** EXTRACTED RECORDS follows **

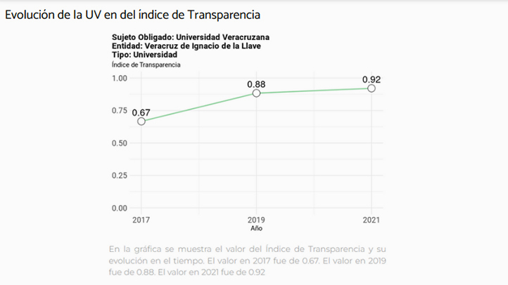 Rosales Ruiz también puntualizó que entre 2017 y 2021, la UV elevó su calificación en el tema de transparencia, al pasar de 0.67 a 0.92.
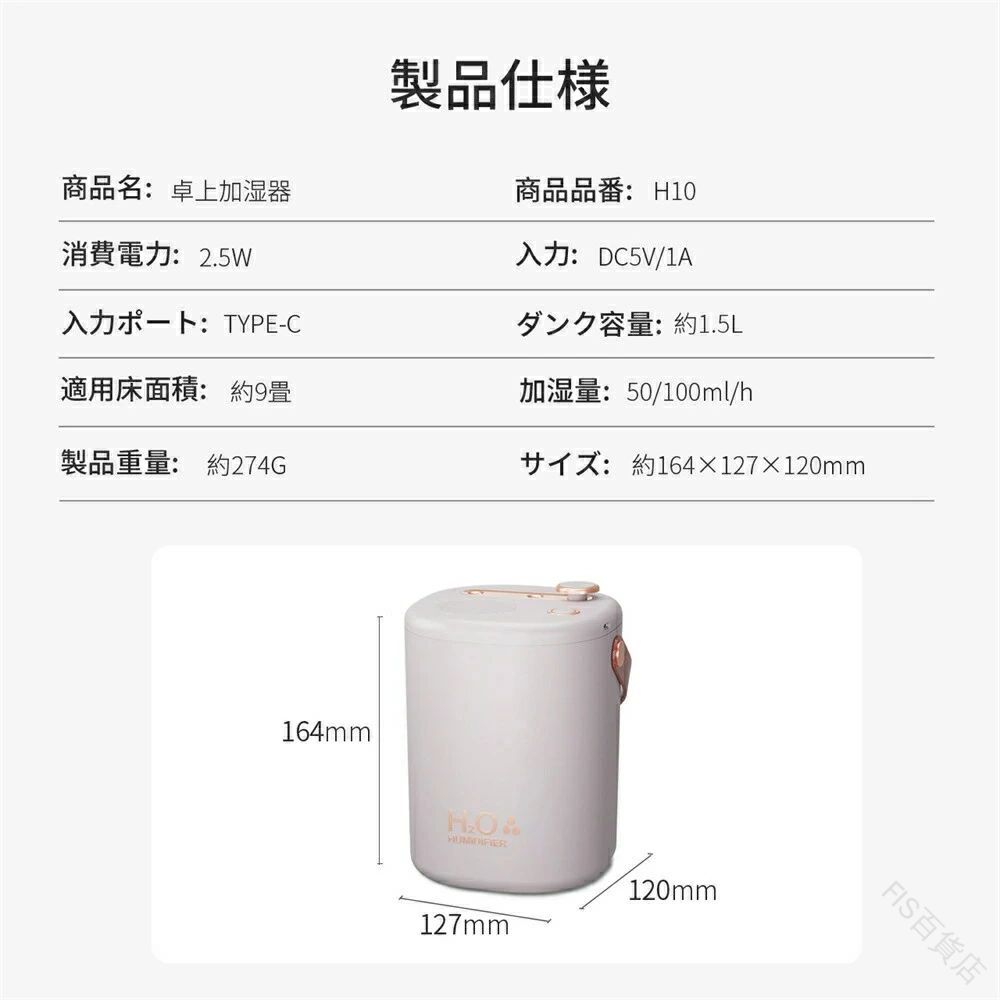 手入れ不要 加湿器 卓上 コンパクト ホワイト グレー USB電源式 充電式
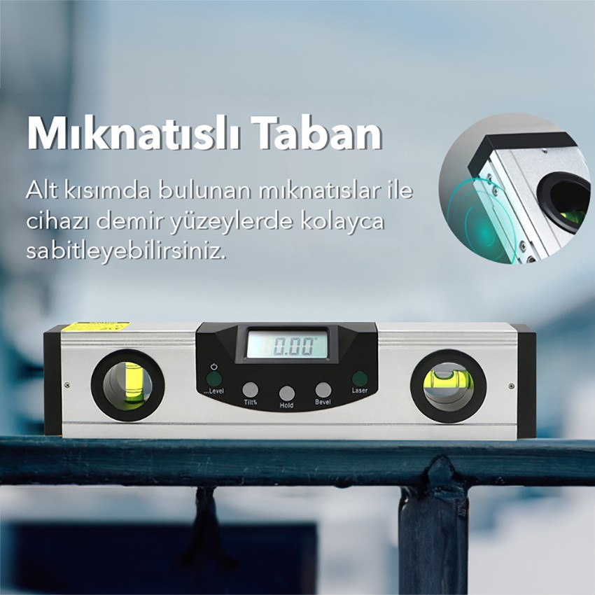 Dasqua 8400-0000 açılır ekranlı dijital eğim ölçer cihazı ergonomik boyutları ile kolay taşınabilir, alt kısmında bulunan mıknatıs ile metal yüzeylere sabitlenebilir mini eğim ölçer cihazıdır.
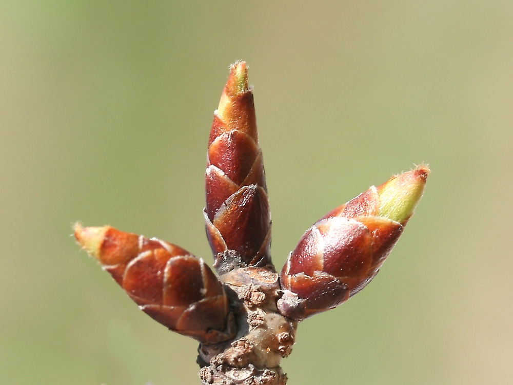 MEMO: 膨らみが増した兼六園菊桜の冬芽で、先端の 淡黄緑色や淡紅色がはっきりしてきたところ
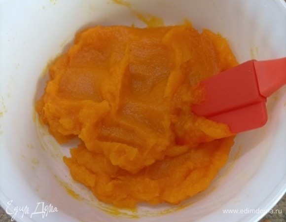 Для пюре тыкву нарежьте небольшими кусочками, добавьте 1 ст. л. воды и готовьте в микроволновке до мягкости. Пюрируйте погружным блендером.
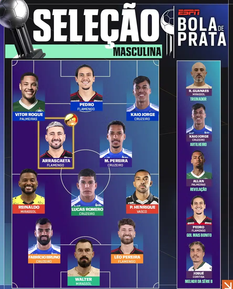 A seleção ficou da seguinte forma: Walter (Mirassol); Fabrício Bruno (Cruzeiro), Léo Pereira (Flamengo); Paulo Henrique (Vasco), Reinaldo (Mirassol); Lucas Romero (Cruzeiro); Arrascaeta (Flamengo), Matheus Pereira (Cruzeiro) ; Kaio Jorge (Cruzeiro), Pedro (Flamengo) e Vitor Roque (Palmeiras). Técnico: Rafael Guanaes (Mirassol).
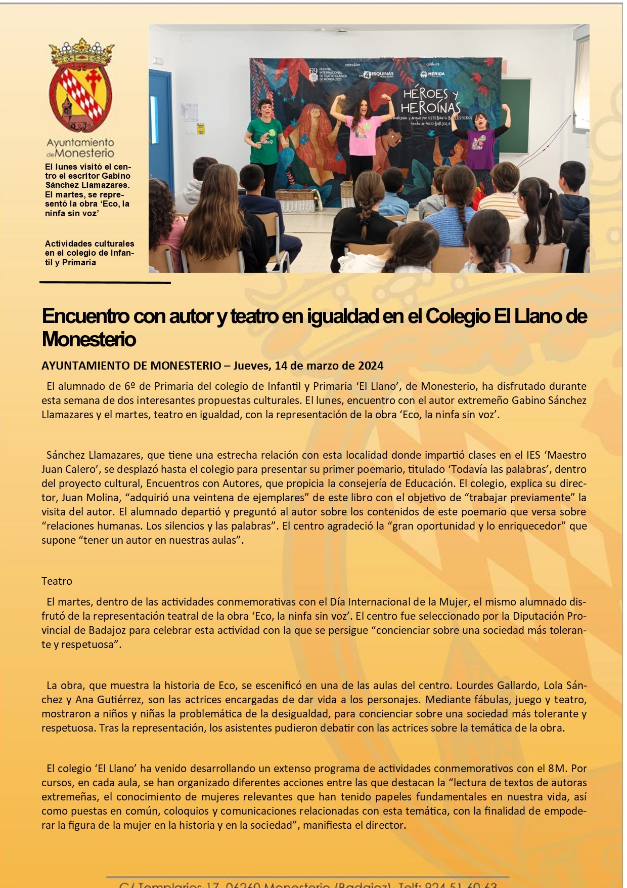 Encuentro con autor y teatro en igualdad en el Colegio El Llano de Monesterio

** End of EXTRACTED RECORDS **

TASK STATEMENT> In the entries above, find the line containing "Dasqua 8400-0000 açılır" and the line containing "MEMO: 膨らみが増した兼六園菊桜の冬芽で、先端の 淡黄緑色や淡紅色がはっきりしてきたところ", then copy both and every line between them exactly, without any picture.

COMPLETED TASK>
 Dasqua 8400-0000 açılır ekranlı dijital eğim ölçer cihazı ergonomik boyutları ile kolay taşınabilir, alt kısmında bulunan mıknatıs ile metal yüzeylere sabitlenebilir mini eğim ölçer cihazıdır.
 MEMO: 膨らみが増した兼六園菊桜の冬芽で、先端の 淡黄緑色や淡紅色がはっきりしてきたところ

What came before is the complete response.